Please copy the data below exactly; none of the pictures in it belong in the copy.

____

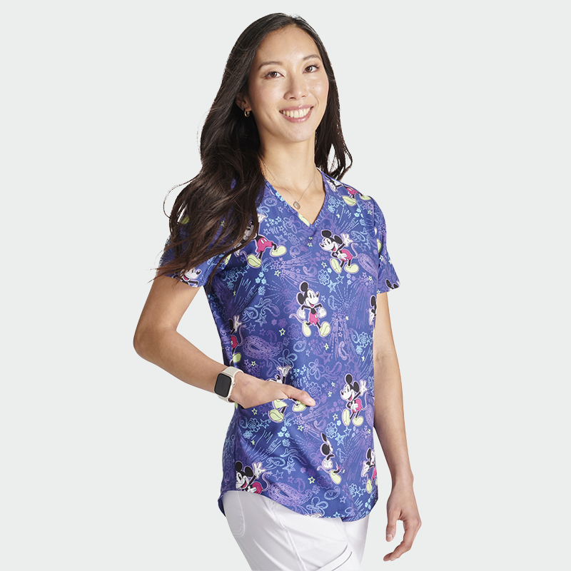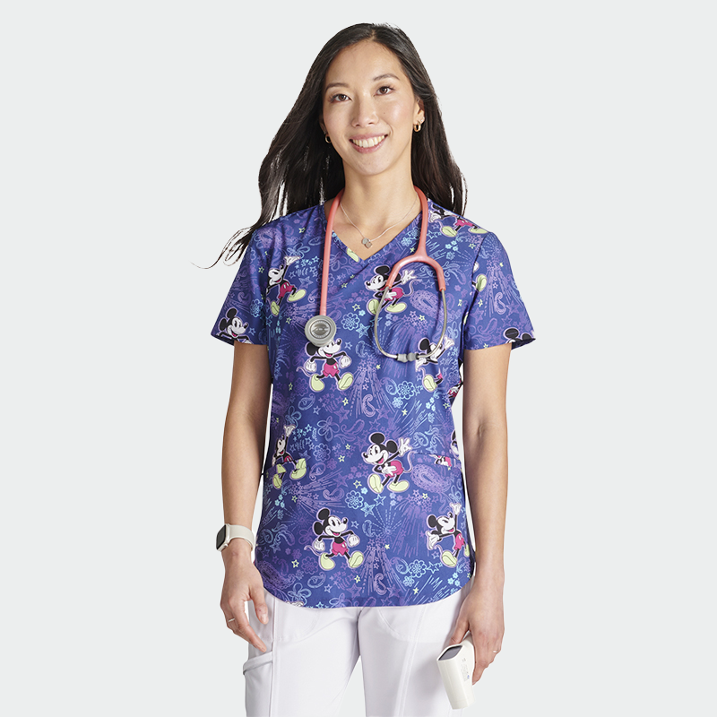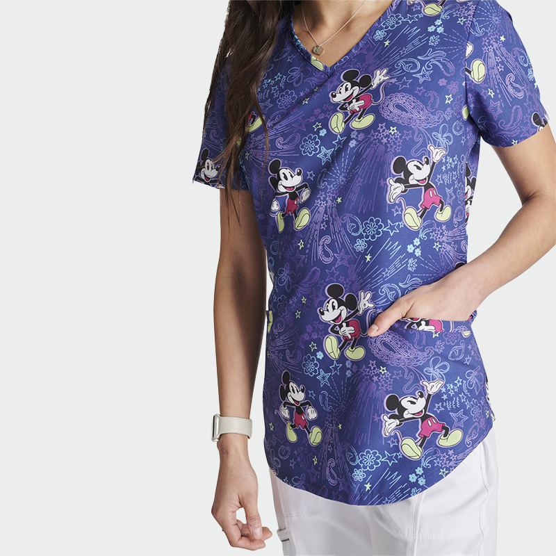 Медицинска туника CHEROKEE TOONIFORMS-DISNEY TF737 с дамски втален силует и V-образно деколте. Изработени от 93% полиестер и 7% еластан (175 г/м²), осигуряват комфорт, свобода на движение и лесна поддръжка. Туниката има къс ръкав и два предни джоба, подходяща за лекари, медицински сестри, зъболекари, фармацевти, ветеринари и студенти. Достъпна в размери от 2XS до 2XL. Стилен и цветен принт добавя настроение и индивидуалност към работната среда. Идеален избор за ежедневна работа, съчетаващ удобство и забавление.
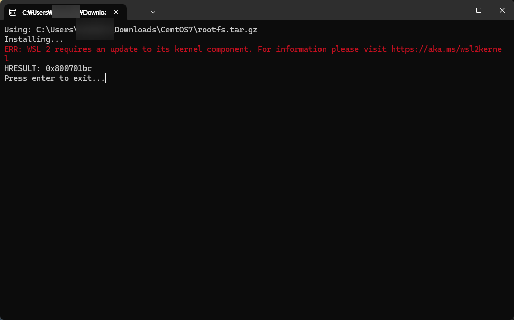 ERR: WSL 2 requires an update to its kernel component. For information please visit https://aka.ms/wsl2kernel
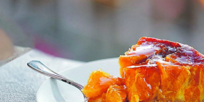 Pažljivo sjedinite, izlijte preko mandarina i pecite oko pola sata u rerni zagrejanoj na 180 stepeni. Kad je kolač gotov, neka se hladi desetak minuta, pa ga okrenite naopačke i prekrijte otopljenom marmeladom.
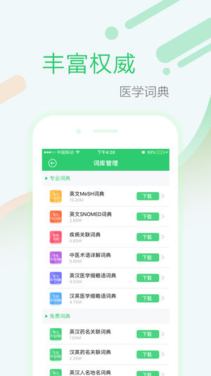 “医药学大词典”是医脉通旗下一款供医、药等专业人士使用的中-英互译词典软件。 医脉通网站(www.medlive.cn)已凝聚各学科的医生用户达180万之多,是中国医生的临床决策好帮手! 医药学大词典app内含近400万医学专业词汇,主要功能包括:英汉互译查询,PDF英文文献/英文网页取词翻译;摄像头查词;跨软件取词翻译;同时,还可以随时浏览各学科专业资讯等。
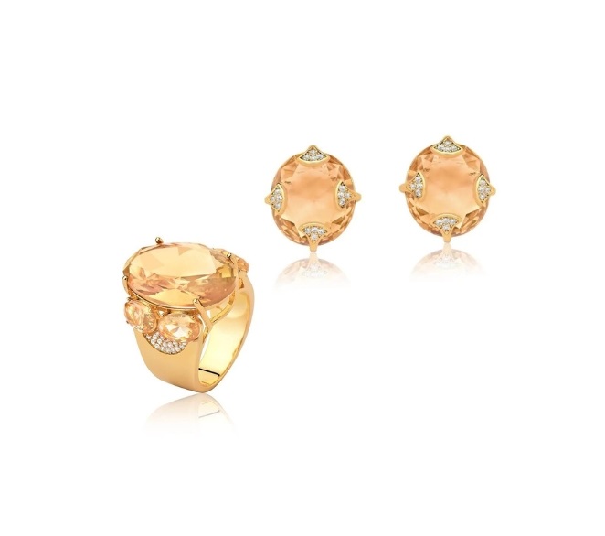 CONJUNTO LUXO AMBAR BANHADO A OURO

____

Worked solution:
 Медицинска туника CHEROKEE TOONIFORMS-DISNEY TF737 с дамски втален силует и V-образно деколте. Изработени от 93% полиестер и 7% еластан (175 г/м²), осигуряват комфорт, свобода на движение и лесна поддръжка. Туниката има къс ръкав и два предни джоба, подходяща за лекари, медицински сестри, зъболекари, фармацевти, ветеринари и студенти. Достъпна в размери от 2XS до 2XL. Стилен и цветен принт добавя настроение и индивидуалност към работната среда. Идеален избор за ежедневна работа, съчетаващ удобство и забавление.
 ERR: WSL 2 requires an update to its kernel component. For information please visit https://aka.ms/wsl2kernel
 Pažljivo sjedinite, izlijte preko mandarina i pecite oko pola sata u rerni zagrejanoj na 180 stepeni. Kad je kolač gotov, neka se hladi desetak minuta, pa ga okrenite naopačke i prekrijte otopljenom marmeladom.
 “医药学大词典”是医脉通旗下一款供医、药等专业人士使用的中-英互译词典软件。 医脉通网站(www.medlive.cn)已凝聚各学科的医生用户达180万之多,是中国医生的临床决策好帮手! 医药学大词典app内含近400万医学专业词汇,主要功能包括:英汉互译查询,PDF英文文献/英文网页取词翻译;摄像头查词;跨软件取词翻译;同时,还可以随时浏览各学科专业资讯等。
 CONJUNTO LUXO AMBAR BANHADO A OURO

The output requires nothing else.